▶ **Input data**:
# # # # #

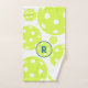 Monogramme Pickleball Sweat Towel imprimé sur mesure avec 1 ou 2 initiales dans une police moderne amusante et funky avec un simple arrière - plan jaune et blanc de pickleball fait un cadeau parfait, la faveur de la fête, ou comme équipement d'équipe correspondant. Utilisez les options de personnalisation de Zazzle pour créer une serviette en toute couleur ou design avec les éléments d'illustration du pickleball et les options de police avec texte et libellé personnalisés.
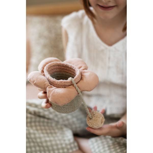 Gra w kubki z koszem w kształcie kwiatka i kulką z pomponem na sznurku, która zapewni dzieciom niekończące się godziny rozrywki.
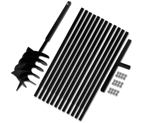 - Komplektā ir iekļauts zemes urbis, rokturis, 12 pagarinājumu caurules un dažas skrūves
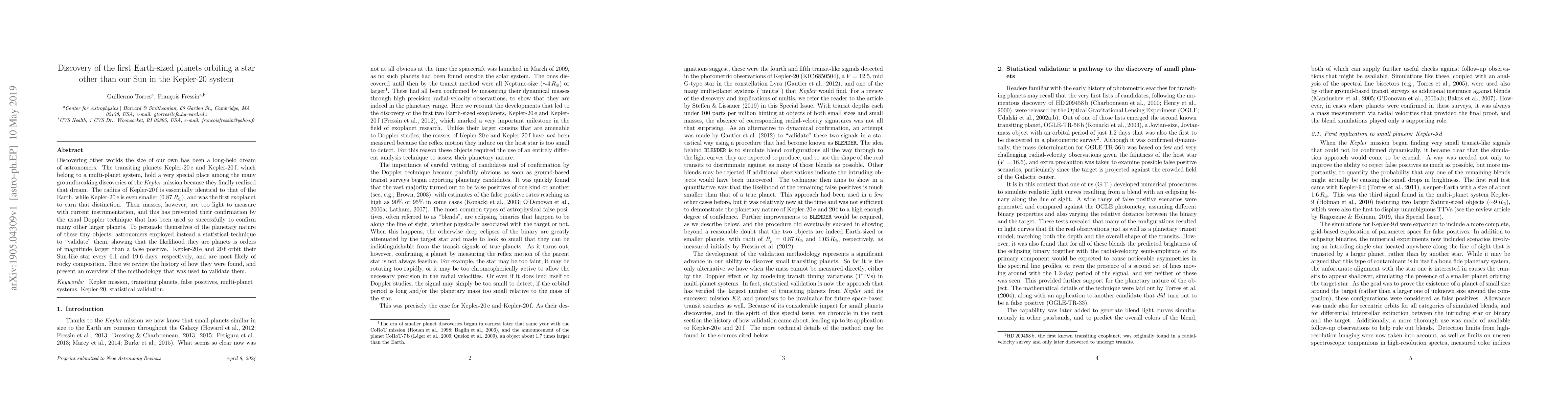 Discovering other worlds the size of our own has been a long-held dream of astronomers. The transiting planets Kepler-20e and Kepler-20f, which belong to a multi-planet system, hold a very special place among the many groundbreaking discoveries of the Kepler mission because they finally realized that dream. The radius of Kepler-20f is essentially identical to that of the Earth, while Kepler-20e is even smaller (0.87 R[Earth]), and was the first exoplanet to earn that distinction. Their masses, however, are too light to measure with current instrumentation, and this has prevented their confirmation by the usual Doppler technique that has been used so successfully to confirm many other larger planets. To persuade themselves of the planetary nature of these tiny objects, astronomers employed instead a statistical technique to "validate" them, showing that the likelihood they are planets is orders of magnitude larger than a false positive. Kepler-20e and 20f orbit their Sun-like star every 6.1 and 19.6 days, respectively, and are most likely of rocky composition. Here we review the history of how they were found, and present an overview of the methodology that was used to validate them.
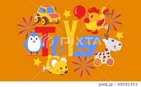 Clockwork bright mechanic children toys shop banner, brochure vector illustration. Mechanical windup
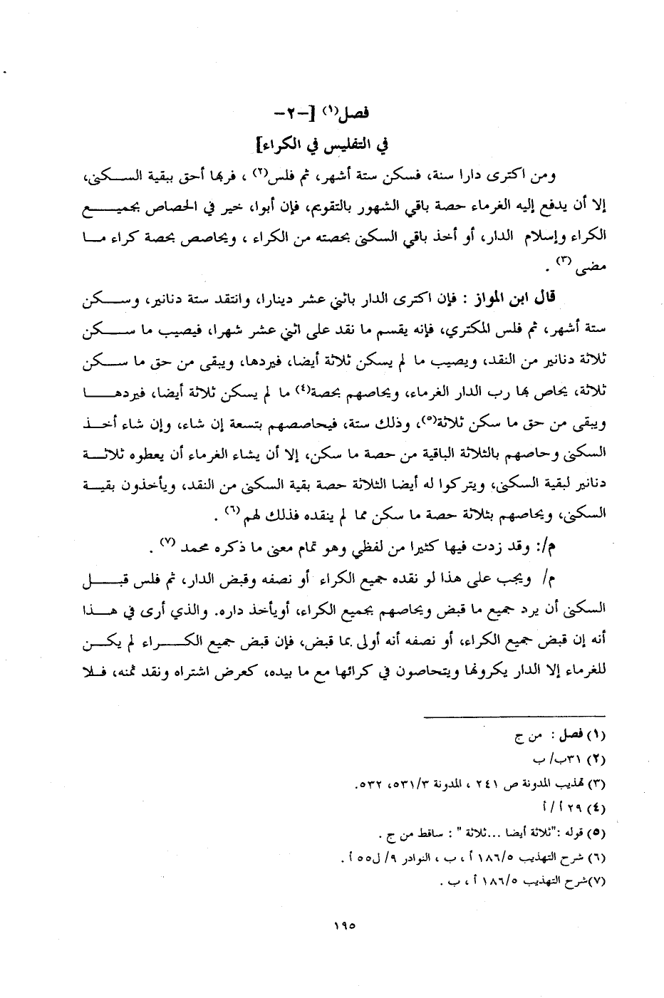 م/ ويجب على هذا لو نقده جميع الكراء أو نصفه وقبض الدار، ثم فلس قبل السكنى أن يرى جميع ما قبض ويحاصهم بجميع الكراء، أو يأخذ داره. والذي أرى في هذا أنه إن قبض جميع الكراء، أو نصفه أنه أولى بما قبض، فإن قبض جميع الكراء لم يكن للغرماء إلا الدار يكرونها ويتحاصون في كرائها مع ما بيده، كعرض اشتراه ونقد ثمنه، فلا
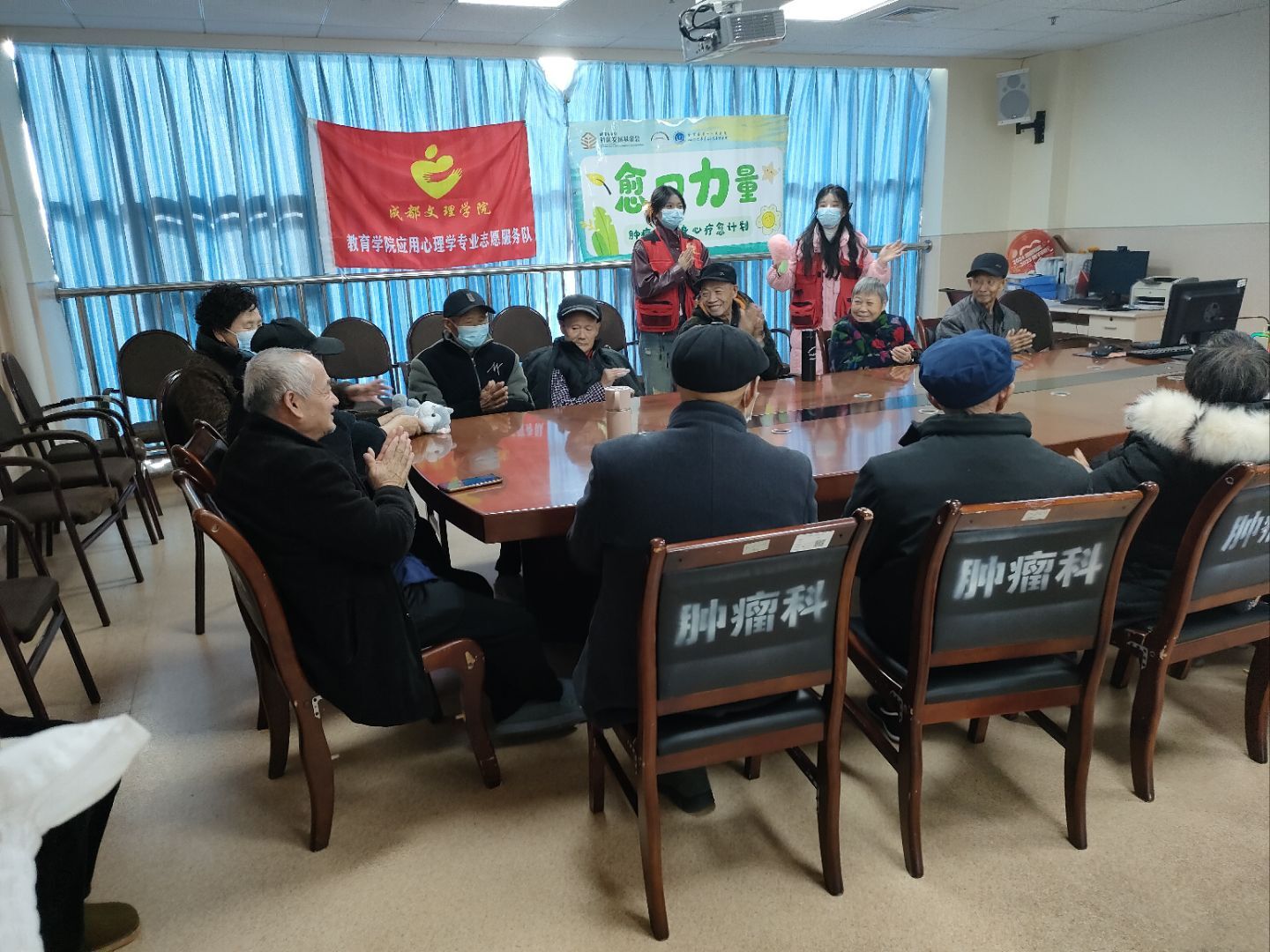 11月19日,“银龄分享·情绪疗愈”心理陪伴活动金堂县第一人民医院肿瘤科顺利开展。本次活动由金堂县第一人民医院主办,成都文理学院教育学院应用心理学专业志愿分队承办,旨在为医疗照护中的心理健康维度添砖加瓦,帮助肿瘤患者释放负面情绪、增强治疗信心。
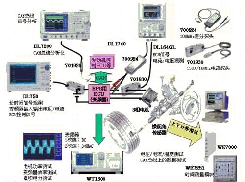 動力方向盤(EPS)在小型汽車中應用已經比較普及了,但在需大扭矩的大型車中應用時需要采用3相電機.不同于傳統的DC機,測試3相交流電機需要功率計測試電力及效率.此外,ECU間采用CAN總線通信,還必須測試CAN總線信號。
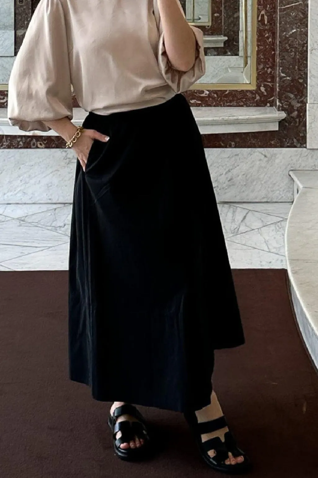 Sort poplin-nederdel fra Neo Noir med høj elastik i taljen. Nederdelen har praktiske lommer i siden og går til læggene. Den er lavet af let bomulds-poplin med stretch.
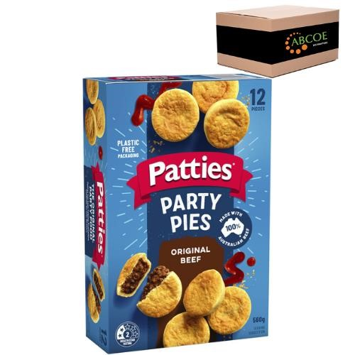 Patties Party Beef Pies a dozen of our famous party pies made with 100% beef in flavoursome gravy encased in flaky golden pastry. Every freezer should have one of these inside. Always. Contains: Gluten and Soy may contain traces of Milk. Size: 12 per pack. Quantity: 6 x 12packs per carton
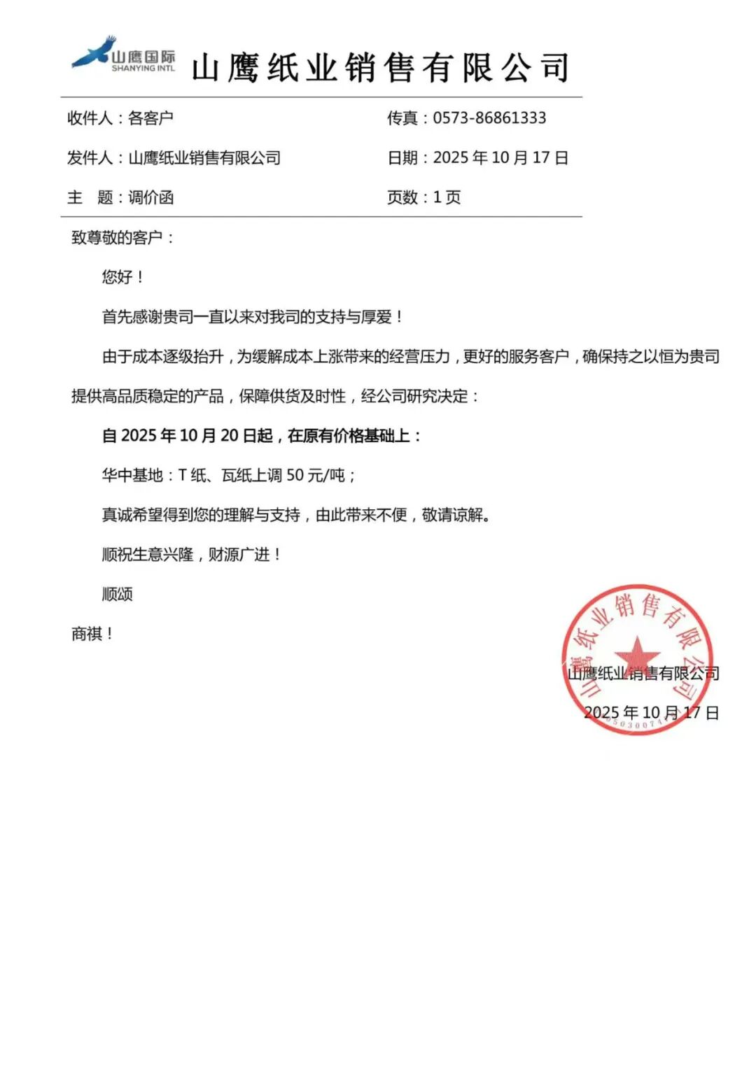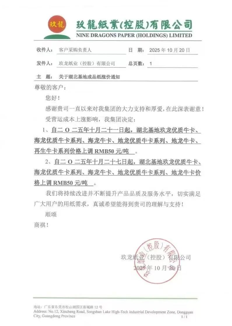 2、自10月27日起,湖北基地玖龙优质牛卡、海龙优质牛卡系列、海龙牛卡、地龙优质牛卡系列、地龙牛卡价格上调RMB 50元/吨。

# # # # #

▶ **Work required**: Reproduce, word for word, every line from the one that contains "動力方向盤(EPS)在小型汽" to the end of the data, including both ends; omit all pictures.

▶ **Task result**:
 動力方向盤(EPS)在小型汽車中應用已經比較普及了,但在需大扭矩的大型車中應用時需要采用3相電機.不同于傳統的DC機,測試3相交流電機需要功率計測試電力及效率.此外,ECU間采用CAN總線通信,還必須測試CAN總線信號。
 Sort poplin-nederdel fra Neo Noir med høj elastik i taljen. Nederdelen har praktiske lommer i siden og går til læggene. Den er lavet af let bomulds-poplin med stretch.
 Patties Party Beef Pies a dozen of our famous party pies made with 100% beef in flavoursome gravy encased in flaky golden pastry. Every freezer should have one of these inside. Always. Contains: Gluten and Soy may contain traces of Milk. Size: 12 per pack. Quantity: 6 x 12packs per carton
 2、自10月27日起,湖北基地玖龙优质牛卡、海龙优质牛卡系列、海龙牛卡、地龙优质牛卡系列、地龙牛卡价格上调RMB 50元/吨。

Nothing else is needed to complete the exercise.